Essai cinématographique, ou méditation audiovisuelle sur l'évolution des rapports de l'homme et de la machine, considérés comme une interdépendance conflictuelle, en Occident depuis le développement industriel du XIXe siècle.

Genre dominant

Documentaire

Résumé

Un essai qui se déroule en 6 chapitres :
1. L'artisan maître de sa machine, de son œuvre et de son temps ;
2. L'ouvrier d'usine, dépossédé de son savoir-faire, astreint à la répétitivité de la tâche, devenu auxiliaire de la machine dans un renversement hiérarchique ;
3. La machine a envahi le secteur de l'agriculture, s'est substituée au paysan arpentant les champs ;
4. Développement de l'« automation » dont l'effet est de placer l'intervention de l'homme au moment de la conception de la machine et de la programmation de sa tâche ;
5. L'homme désœuvré organise sa révolte : grèves et manifestations ouvrières ;
6. Une tentative de synthèse et de dépassement : puisque la machine est à même de remplacer l'homme, c'est à la société de se réorganiser pour permettre à celui-ci de jouir d'une vie sans travail.

Contexte

L'accélération du développement industriel dans le contexte de la reconstruction après-guerre a favorisé l'essor de la mécanisation, mais aussi l'innovation technologique (avec la cybernétique) qui rend les machines davantage autonomes. Cette évolution d'ordre économique bouleverse les méthodes de travail. Les effets sociaux de cette mutation sont mal connus, mais font déjà l'objet d'un débat entre ceux qui estiment qu'un dispositif comme la chaîne, en même temps qu'elle augmente le rendement, sécurise le geste du travailleur, et ceux qui pensent que celui-ci est aliéné par la répétitivité du geste auquel il est désormais astreint (sans plus être impliqué aux différents stades de la production comme l'artisan d'autrefois), et que la prise en charge de la production par la machine seule pousse les ouvriers au chômage.
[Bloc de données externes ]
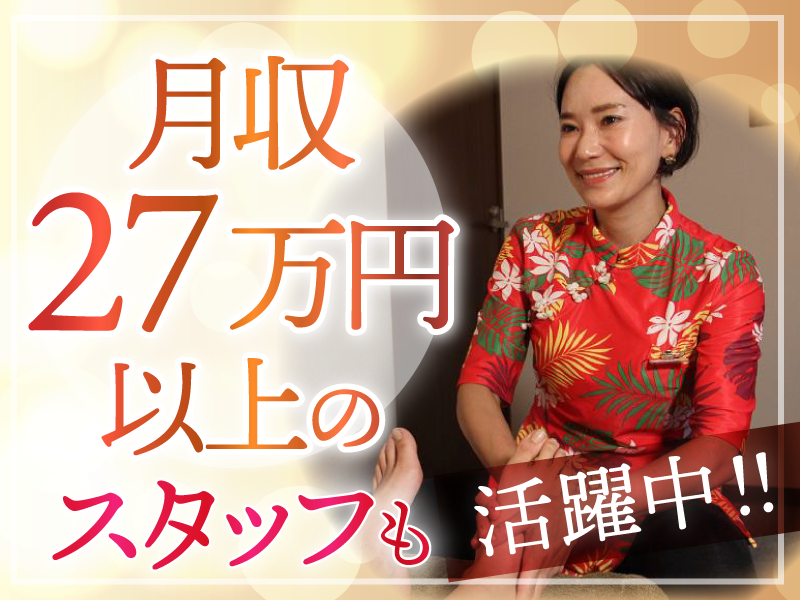 求めている人材 \本格台湾式リラクゼーション!/ 未経験から手に職をつけられる♪ 「セラピスト」のお仕事始めませんか? 経験を活かして、 即戦力となれる方も大歓迎です◎ ・リラクゼーションセラピスト未経験OK ・経験者優遇 ・主婦(夫)歓迎 ・ブランク歓迎 ・フリーター歓迎 ・学歴不問 ――――――――――――――――――― <こんな方も…みんな大歓迎◎> ◆家事や育児と両立して働きたい! ◆安定した環境で働きたい! ◆しっかり稼ぎたいフリーターさん! ◆掛け持ち・Wワークをお探しの方! etc. ――――――――――――――――――― <経験者の方も大歓迎!> 「ヘッドマッサージ等の経験を 活かして、即戦力として働きたい」 「足裏マッサージ等の経験を 活かしつつ、もっとスキルや技術を 磨きたい」 「昔アロママッサージ師として 働いていた経験を活かして ブランク復帰したい」 …という方等にもオススメです♪ ――――――――――――――――――― \\ 先輩スタッフの声 // たくさんの「体と心の変化」を 実感しています! ●以前は事務職でしたが、 今は毎日無理なく体を動かし、 自然と汗をかくように! そのおかげで、以前より風邪を ひきにくくなったと感じています。 ●働いている間に、体幹が 鍛えられてきたような実感もあります! 日々の生活の中でも、 以前よりテキパキ動けるようになり、 筋力もついた気がします! ●毎日温泉に無料で入れるため、 光熱費がかなり抑えられ、 お肌トラブルもなくなりました! ●お客様と会話をしながら接客を行うことで、 気分転換にもなり、以前よりストレスを 溜めにくくなりました! ●ずっと座りっぱなし、または ほとんど動かない仕事を していた頃よりも、 今はぐっすり眠れるようになり、 ご飯もより美味しく感じます! ―――――――――――――――――――
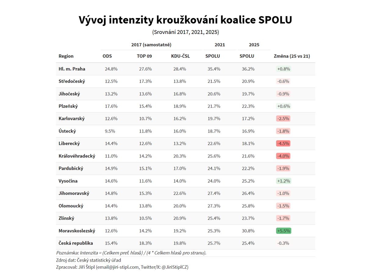 Z tabulky níže vyplývá, že spojení ODS, KDU-ČSL a TOP09 v koalici SPOLU vedlo k jasnému zvýšení intenzity kroužkování v roce 2021 oproti roku 2017, kdy každá ze stran kandidovala samostatně. V právě proběhlých volbách se v koalici SPOLU celková intenzita kroužkování snížila o 0.3 % (procentního bodu). Tedy pouze nepatrná změna, nicméně mezi jednotlivými kraji jsou velké rozdíly. Největší změna je v Moravskoslezském, kde se kroužkovalo o 5.5 % více, hlavním důvodem zřejmě bylo kroužkování proti současnému ministru financí Zbyňku Stanjurovi (ODS). Naopak v Libereckém kraji se kroužkovalo o 4.5 % méně, zřejmě zde SPOLU nabídlo méně výrazné osobnosti než v roce 2021, ale do hloubky místní situaci neznám.
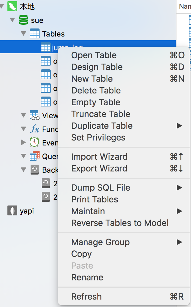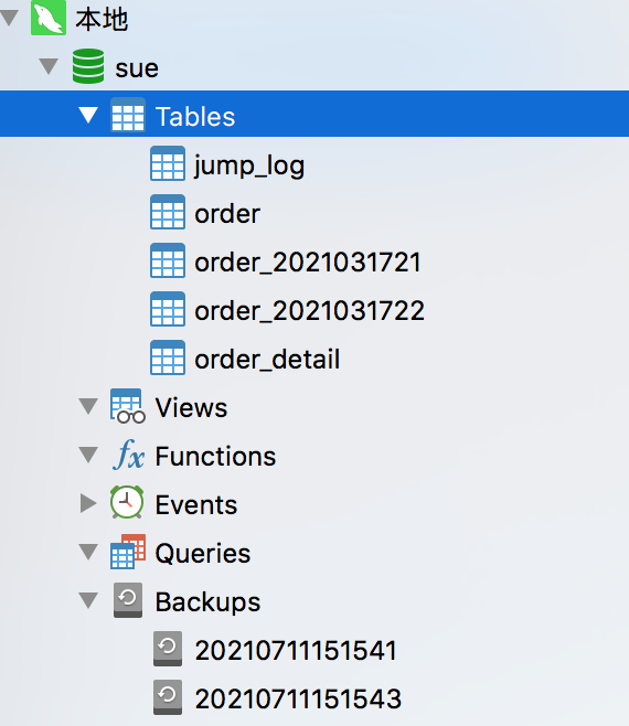 现在只需双击Tables节点,展开即可。除此之外,还能非常直观的看到试图、函数、事件、备份等功能。
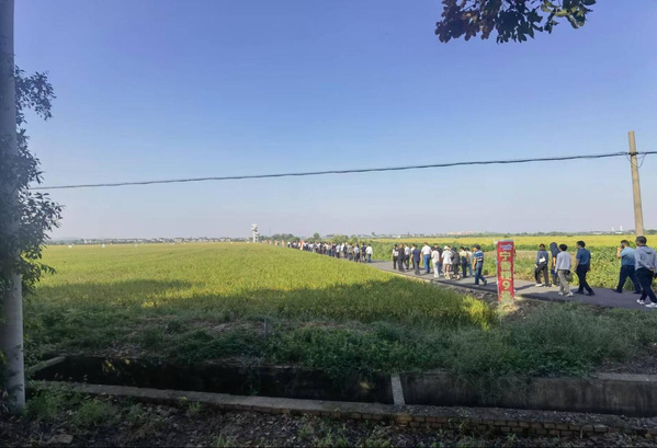 培训会开始前,参会人员来到溧阳市埭头镇葫芦村农业产业园,观摩“宁香粳9号”种植田。2024年,溧阳市农业农村局在埭头镇前六村进行了优质食味水稻新品种“宁香粳9号”示范种植,连片种植1000亩。目前,“宁香粳9号”示范区水稻正处于灌浆至乳熟期,理论产量预估 825公斤。来到示范种植田,一眼望去,千亩稻田丰收在望,植株清秀挺拔,叶姿优雅。番号鸽 江玲教授深入田间后脱口而出“非常震撼”。
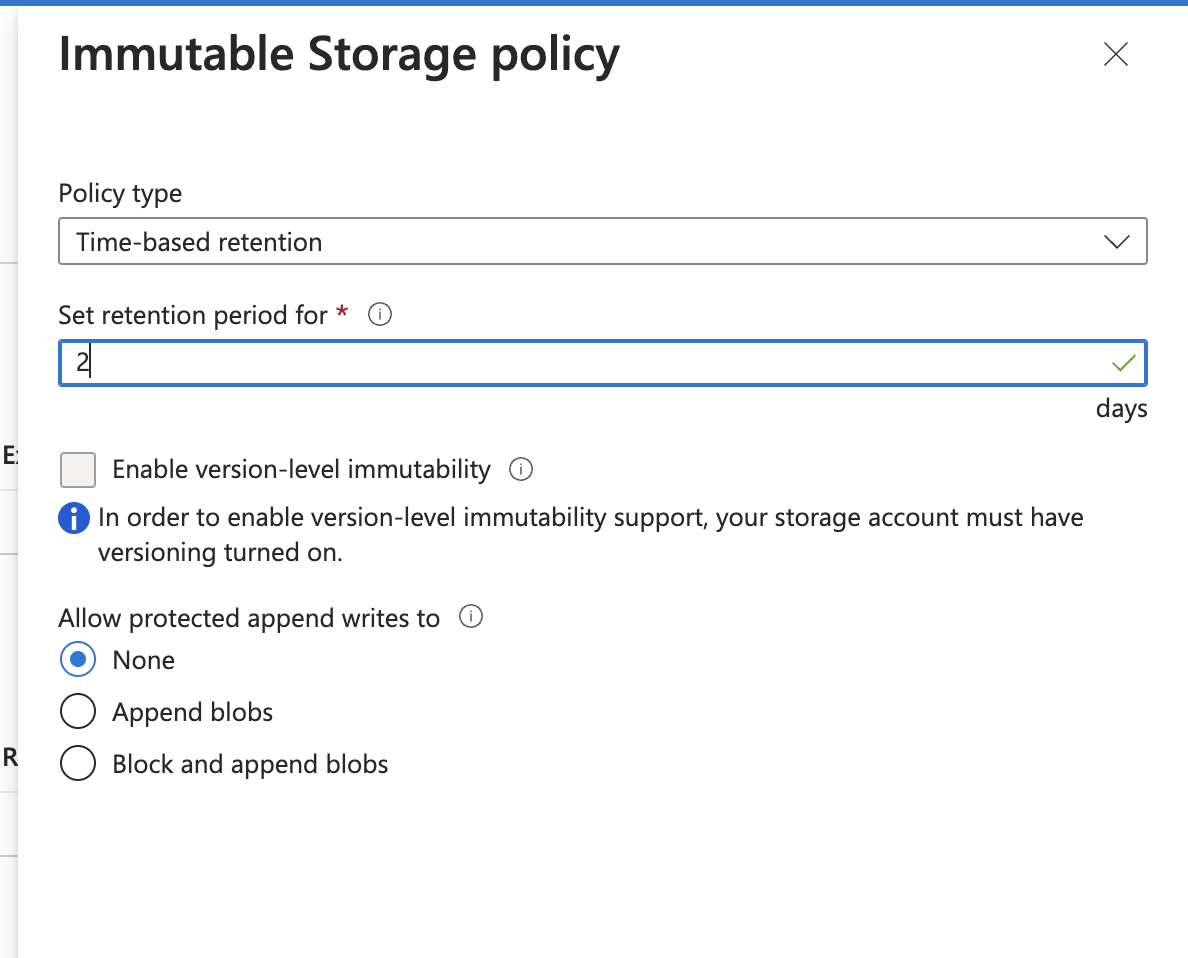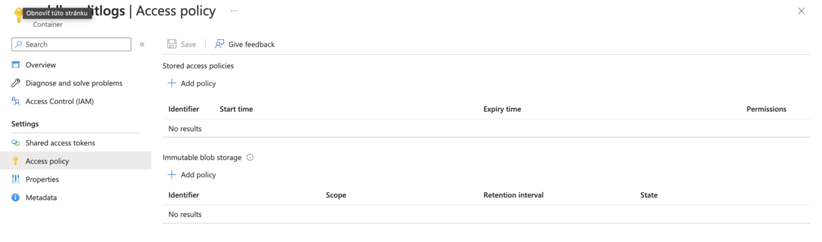 - Nastavujete časový rámec, počas ktorého sú dáta v kontajneri nezmeniteľné. Po uplynutí tohto obdobia je možné politiku aktualizovať alebo odstrániť.
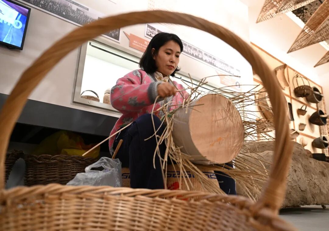 以柳编篮为前景,非遗传承人专注编织的身影清晰入镜。柳条在指尖穿梭,传统技艺在实操中活态呈现,让媒体嘉宾近距离感受博兴柳编的工艺之美与传承之力。
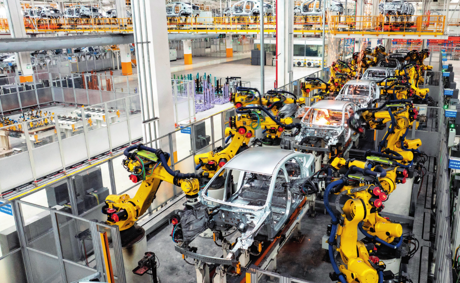 在位于湖南省長沙市的比亞迪長沙雨花工廠,機(jī)械臂進(jìn)行車身焊接作業(yè)(2024年3月21日攝)。 陳思汗攝/本刊
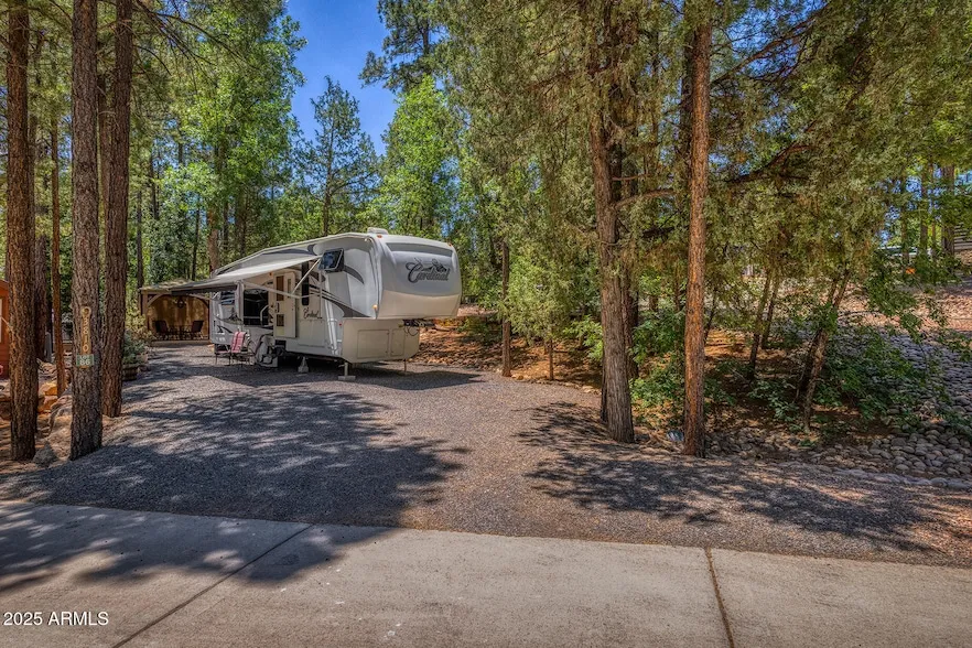 Discover the perfect getaway spot with this beautifully landscaped corner lot nestled in the towering pines of the highly desirable White Mountain Vacation Village. Situated next to the greenbelt for extra privacy and forest views, making it the perfect backdrop for relaxation in nature. Enjoy the convenience of dual parking areas, ideal for hosting guests and parking your RV. A gazebo on a concrete slab creates the perfect space for outdoor dining or lounging, while the storage shed - equipped with a refrigerator and workbench - adds both function and flexibility. Located within a vibrant community, you'll have access to a clubhouse, laundry facilities, and well-maintained roads. The HOA covers water, sewer, trash, and road maintenance, making for easy, stress-free ownership. Whether you're a full-timer or weekend warrior, this charming lot has everything you need to start living the mountain lifestyle. The RV is For Sale outside of escrow, ask Listing Agent for more information.

Éléments structurants du film

  • Images de reportage : Oui.
  • Images en plateau : Non.
  • Images d'archives : Oui.
  • Séquences d'animation : Non.
  • Cartons : Non.
  • Animateur : Non.
  • Voix off : Oui.
  • Interview : Non.
  • Musique et bruitages : Oui.
  • Images communes avec d'autres films : Non.

Comment le film dirige-t-il le regard du spectateur ?

Il s'agit d'un essai, une réflexion personnelle destinée à interpeller les hommes en tant qu'acteurs sociaux. À partir de vues de films industriels retaillées et reséquencées, assorties d'une musique énigmatique et perturbante et d'un commentaire au contenu analytique, le film amène le spectateur à mettre en perspective ses propres représentations d'un monde du travail modernisé à marche forcée...

Comment la santé et la médecine sont-elles présentées ?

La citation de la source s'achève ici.